Uncritical Criticism

I’m both awesome and sucky at being a critic.

Awesome, because I’m good at seeing the flaws and the merits of a given work, and explicating them simply.

Sucky, because I’m a little too good at forgiving the flaws. If I enjoy something enough, I can forgive a lot. I can forgive the egregious plot hole in “Seveneves”, despite the fact that it annoyed the hell out of me for the first 500 or so pages of the book, for example.

I tend to try to view things in the context in which they were created – I don’t judge an Eighties sitcom on its gender role assumptions the way I’d judge one made today; I try to ignore the racism in 19th century (and earlier) novels (with mixed success); and so on. There are a few things I draw the line on, but in general, I have higher expectations of works created closer to the present time or day.

I also try to judge things not by an objective standard of artistic quality, but instead by the range of their particular form (i.e. I don’t compare a sitcom episode to “Apocalypse Now” or “Macbeth”). I’m quite comfortable with something being a solid but unexceptional example of its kind (yes, “Watchmen” is a better comic than say, “Marvel 1602”, but they both have their charms), which is a useful ability if you watch American sitcoms.

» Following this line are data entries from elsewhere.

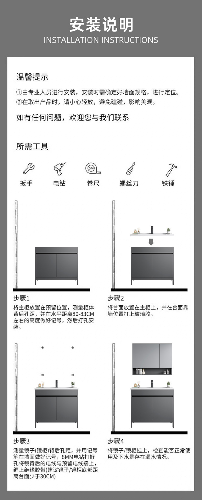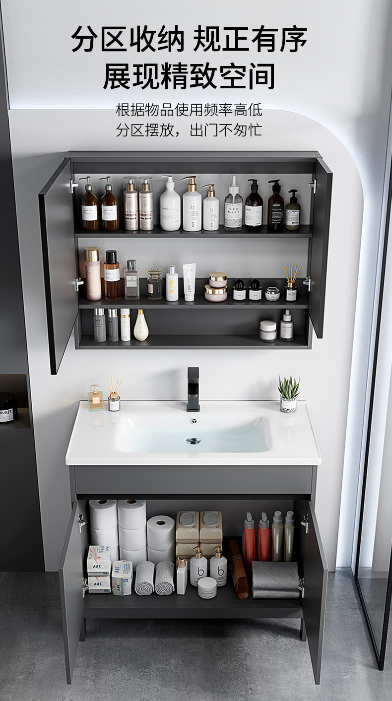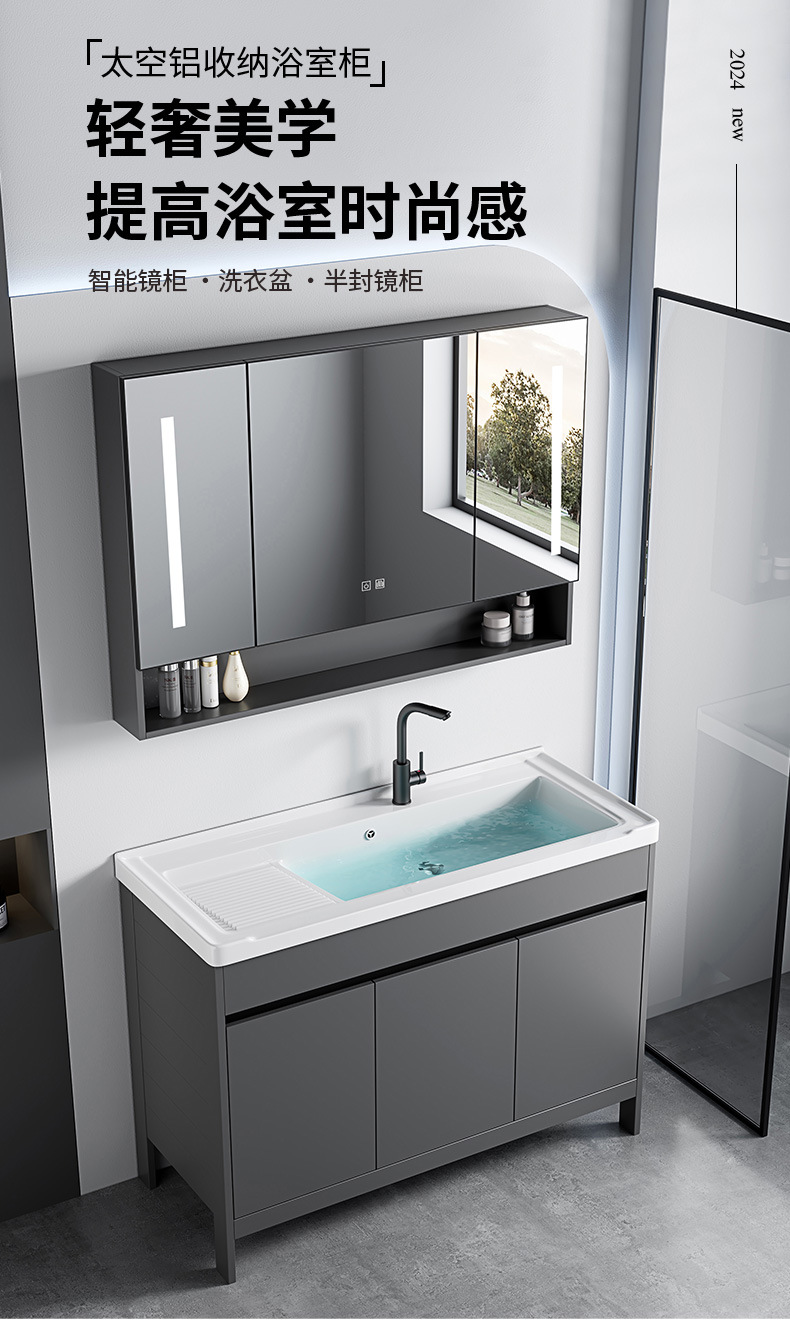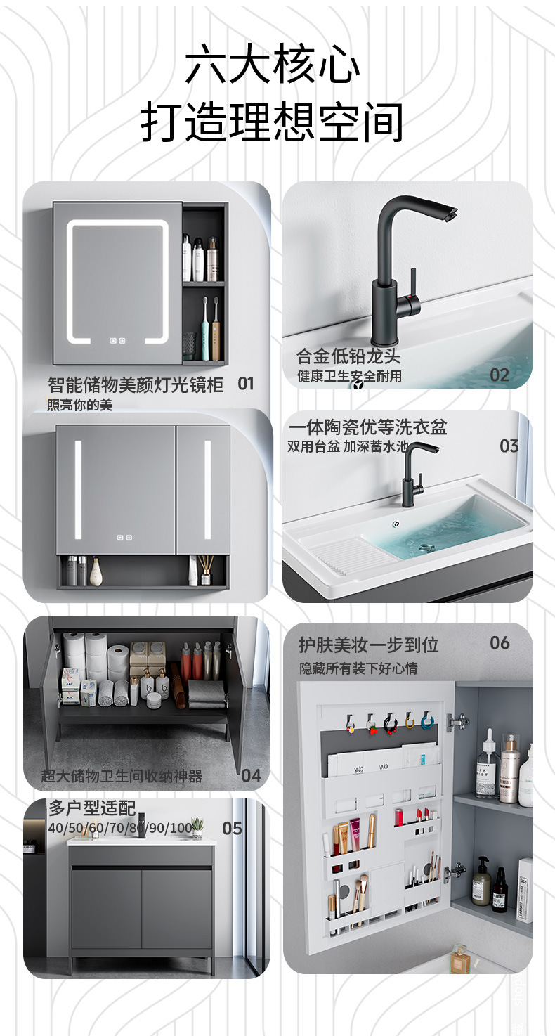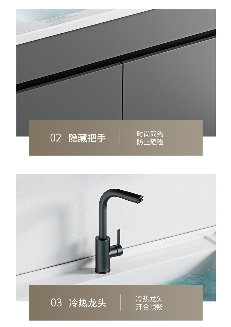 | Atributos | Lavabos + gabinete gris de alto nivel + gabinete de lente de retorno inteligente con luz anti-fog |
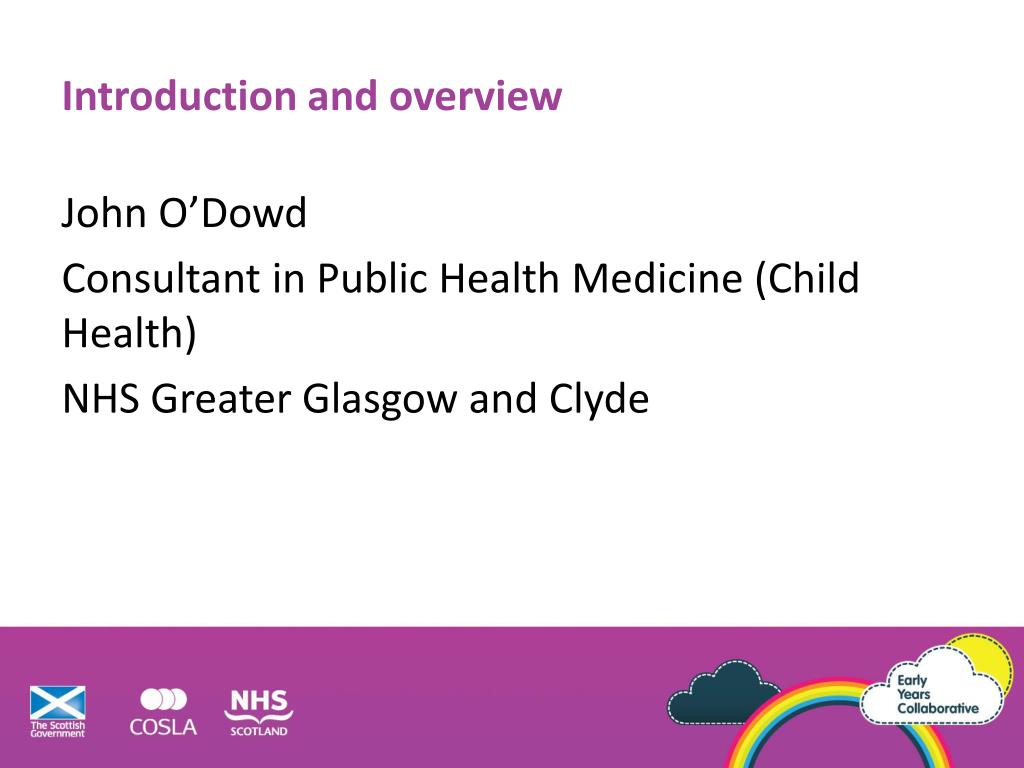 Introduction and overview John O’Dowd Consultant in Public Health Medicine (Child Health) NHS Greater Glasgow and Clyde
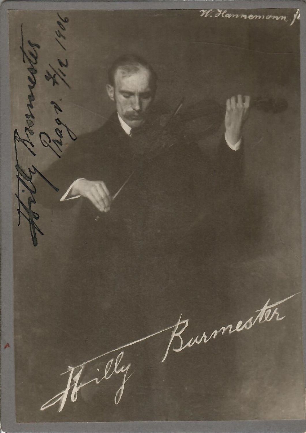 Původní fotografie (178 x 128) z atelieru W. Hannemann s podpisem Willy Burmestera a datací "Prag 7/12 1906". <br>Willy Burmester (16.3. 1869 Hamburg - 16.1. 1933 Hamburg) významný německý houslista.
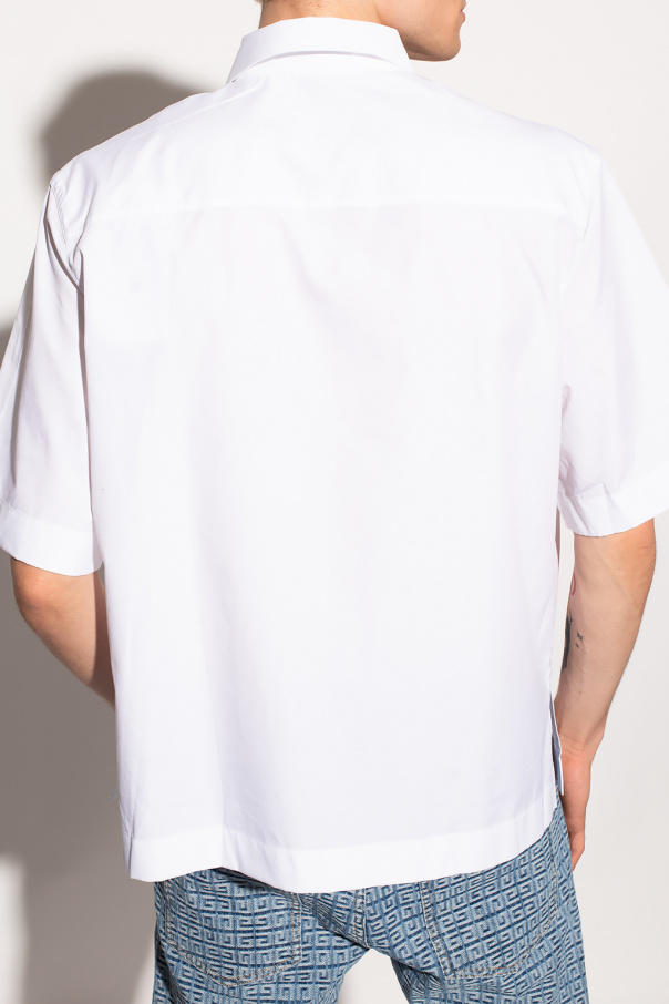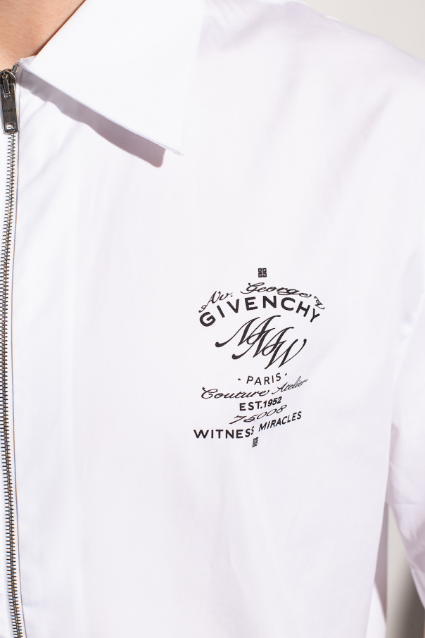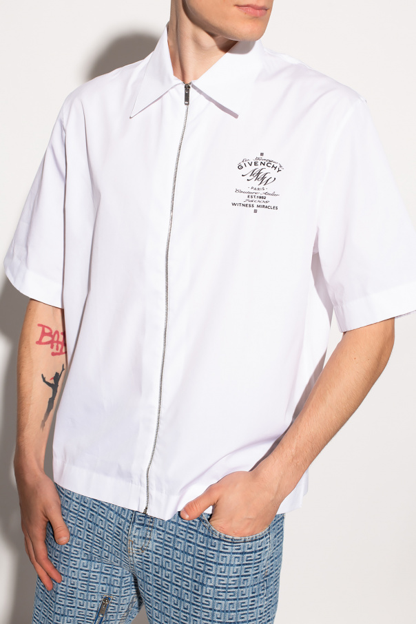 White shirt from Givenchy. Crafted from cotton, this style features a zip fastening, short sleeves and a black graphic print with the brand\'s logo on the front.
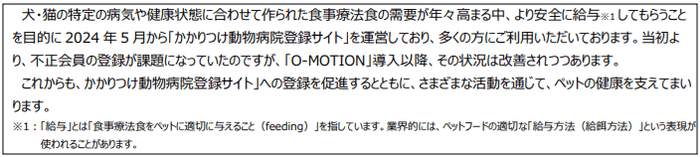 共立製薬は、ロイヤルカナン ジャポン合同会社が製造する食事療法食の販売代理を担っており、2024年10月から同製品の購入方法を見直し、安全かつ適正な流通体制の構築を行いました。こうした背景のもと、共立製薬は2024年5月22日に「かかりつけ動物病院登録サイト」を公開し、飼い主によるペット情報やかかりつけ動物病院の登録を通じて、獣医師の指導を受けた方のみに製品が届く仕組みを整備されました。
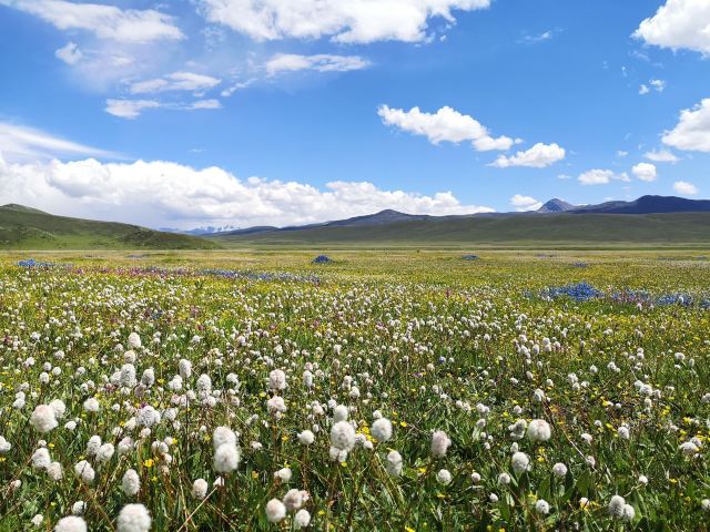 毛垭草原位于世界高城理塘县境内。辽阔的草原一望无边,每年6-9月份,草原上花朵盛开,是非常美丽的时节。2005年中国国家地理评选其为中国美丽的六大草原之一。
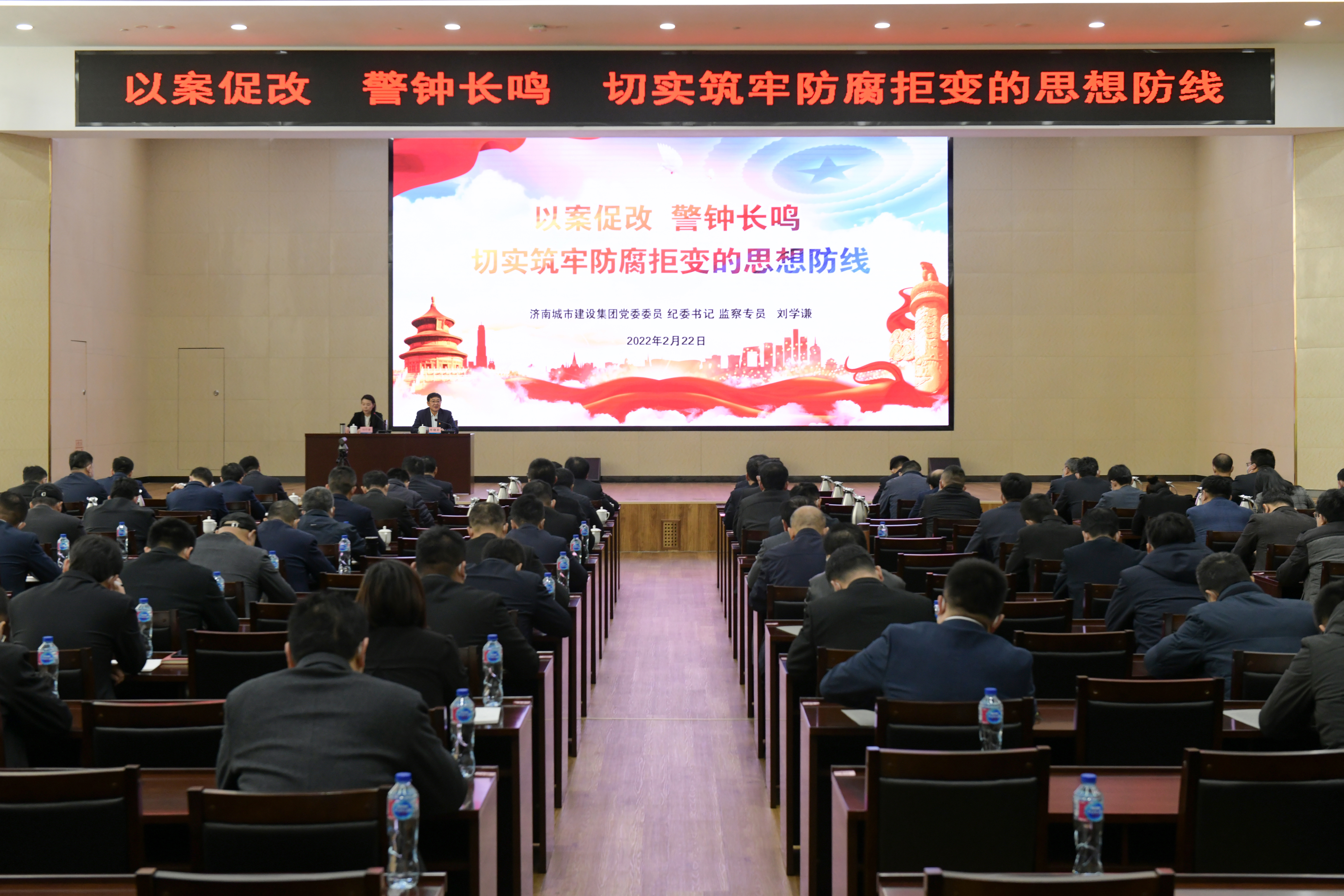 2月22日上午,建设集团党委委员、纪委书记、监察专员刘学谦到集团讲授党风廉政教育专题党课。集团领导班子成员、全体中层干部以及集团部室、各分(子)公司党员干部职工代表共计240余人现场听课。各分(子)公司、项目部通过视频会议同步上课。集团党委书记、董事长、总经理牟晓岩主持党课。
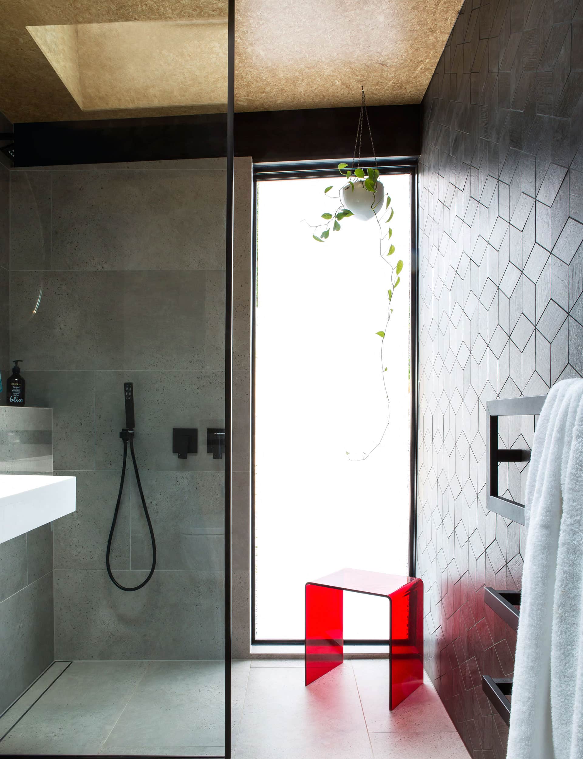 In the bathroom, practical, shallow cupboards and a ledge span one wall. Opposite is a wall of diamond tiles. With the door open, a tall window becomes “a light at the end of the tunnel”, says Dorrington.
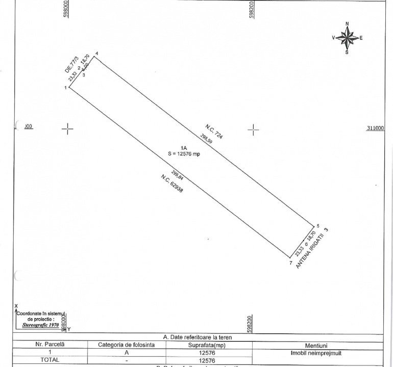 Vă propunem spre vânzare un teren extravilan în suprafață măsurată de 12.576 de 12.711 mp (din acte) în zona Primaverii din Comuna Berceni, Ilfov.
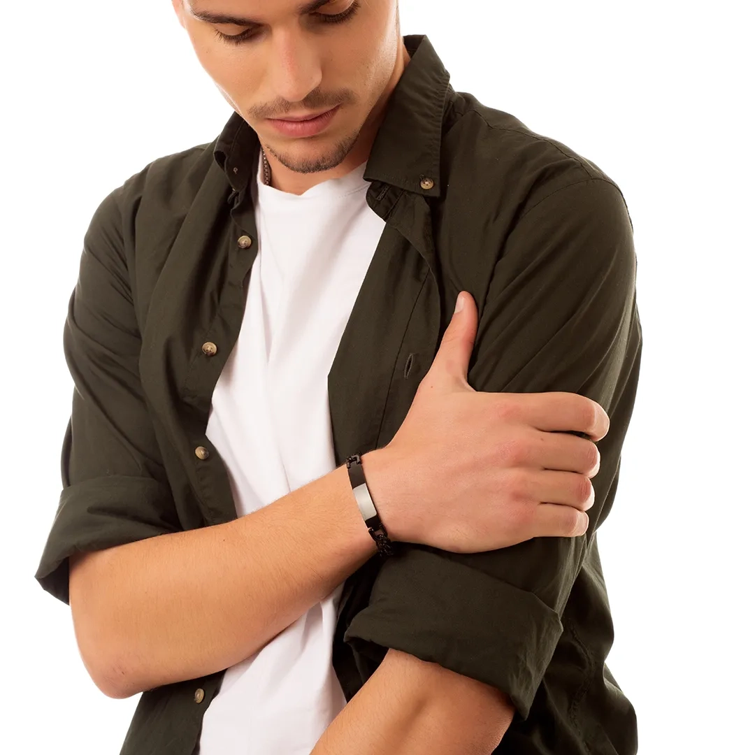Χειροπέδα ανδρική ατσάλι σε ασημί με μαύρο
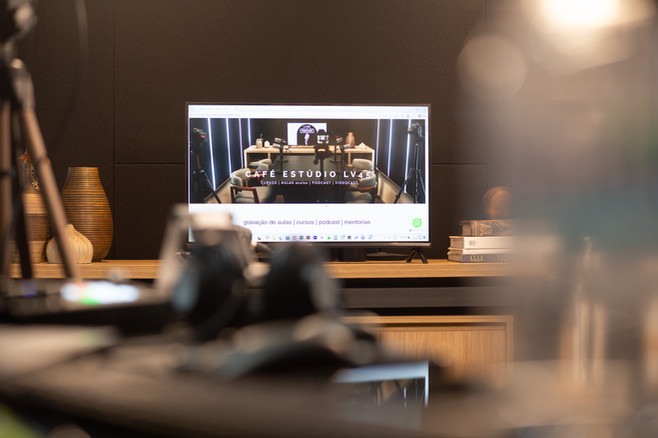 No Café Estúdio LV45 te ajudamos a destravar, organizar, gravar e dar vitrine ao eu curso em vídeo – ou seu podcast – com direção, acolhimento e qualidade de estúdio, para que você se posicione no digital sem se sentir sozinha no processo.
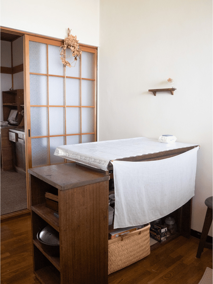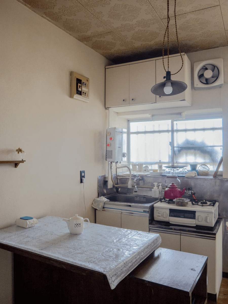 大人2~3人が調理などで作業するのにちょうど良い広さです。調理器具はシンクの下に、食器類はテーブルの下にあります。
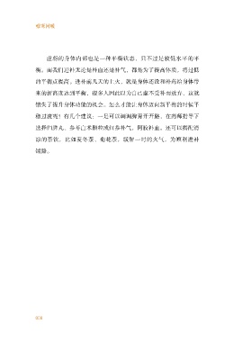 嘘寒问暖 虚弱的身体内部也是一种平衡状态,只不过是较低水平的平 衡。而我们进补无论是补血还是补气,都是为了提高体质,将过低 的平衡点提高。进补前几天的上火,就是身体还没和补药给身体带 来的新高度达到平衡,很多人因此以为自己虚不受补而放弃,这就 错失了提升身体功能的机会。怎么才能让身体迈向新平衡的时候平 稳过渡呢?有几个建议:一是可以调调脾胃开开路,在药师指导下 选择归脾丸、参苓白术颗粒或红参补气,阿胶补血。还可以搭配清 凉的茶饮,比如麦冬茶、菊花茶,缓解一时的火气,为顺利进补 铺路。 008
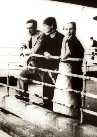 Karlos Santamaria, bere ama Petra Ansa eta bere emazte Blanca Ibarburu, Donibane Lohizunen (1933).

Experience has made me expect more of some creators than others, and so I hold them to higher standards – I expect more of Dan Harmon than Chuck Lorre, or of Kieron Gillen than Dan Slott, or of Jo Walton than Mike Resnick – but than doesn’t stop me from enjoying at least some of the works of all these people. (NB. “The Big Bang Theory” still sucks, but I enjoy “Mom”.)

I like to like things, in short.

(Thank you, Miles Stokes, for that wonderful phrase.)

And that’s going to be with this blog is about from now on. I’ll be writing about things I like and why I like them. Probably with occasional outbreaks of more personal stuff, but mostly just fansquee. Be seeing you.